French-American operatic soprano (1898–1976)

Alice Joséphine Pons (April 12, 1898 – February 13, 1976), known professionally as Lily Pons, was a French-American operatic lyric coloratura soprano and actress who had an active career from the late 1920s through the early 1970s. As an opera singer, she specialized in the coloratura soprano repertoire and was particularly associated with the title roles in Lakmé and Lucia di Lammermoor. In addition to appearing as a guest artist with many opera houses internationally, Pons enjoyed a long association with the Metropolitan Opera in New York City, where she performed nearly 300 times between 1931 and 1960.

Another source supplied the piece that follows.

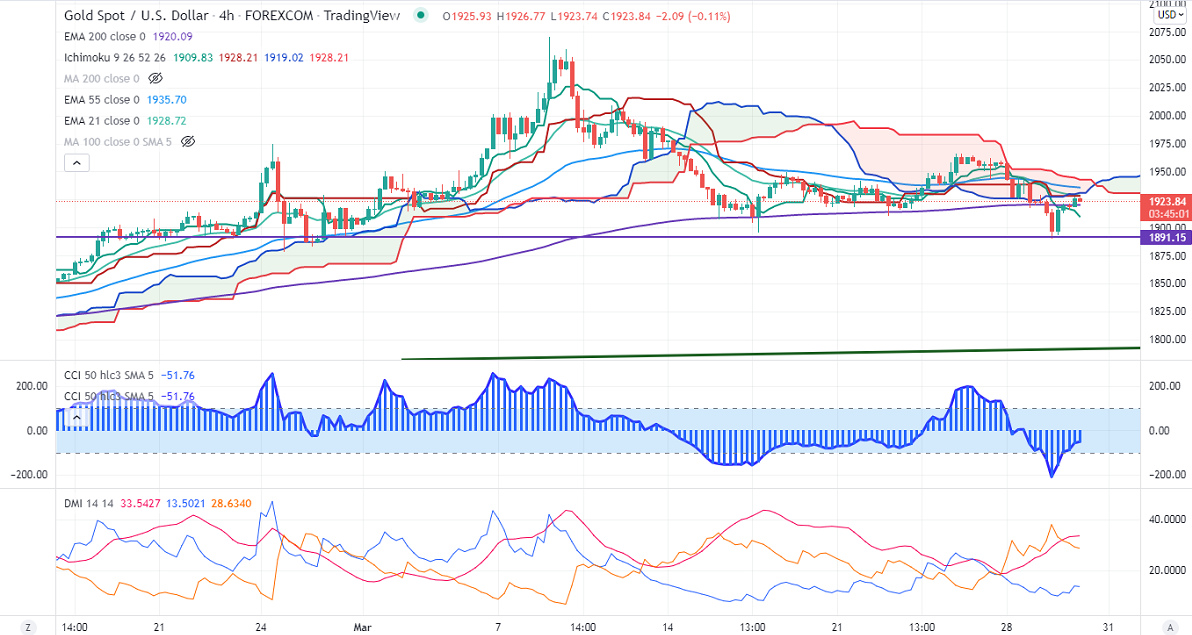 Gold regained slightly from a low of $1890 on the weak US dollar. The US dollar index lost its shine after Russia said that it will cut back military operations near Kyiv during peace talks. The minor profit booking US treasury yield also supports yellow metal at lower levels. It hits an intraday high of $1927.39 and is currently trading around $1926.30.

She also had a successful and lucrative career as a concert singer, which continued until her retirement from performance in 1973. From 1935 to 1937, she made three musical films for RKO Pictures. She also made numerous appearances on radio and on television, performing on variety programs such as The Ed Sullivan Show, The Colgate Comedy Hour, and The Dave Garroway Show. In 1955, she topped the bill for the first broadcast of what became an iconic television series, Sunday Night at the London Palladium. She made dozens of records, recording both classical and popular music. She was awarded the Croix de Lorraine and the Légion d'honneur by the government of France.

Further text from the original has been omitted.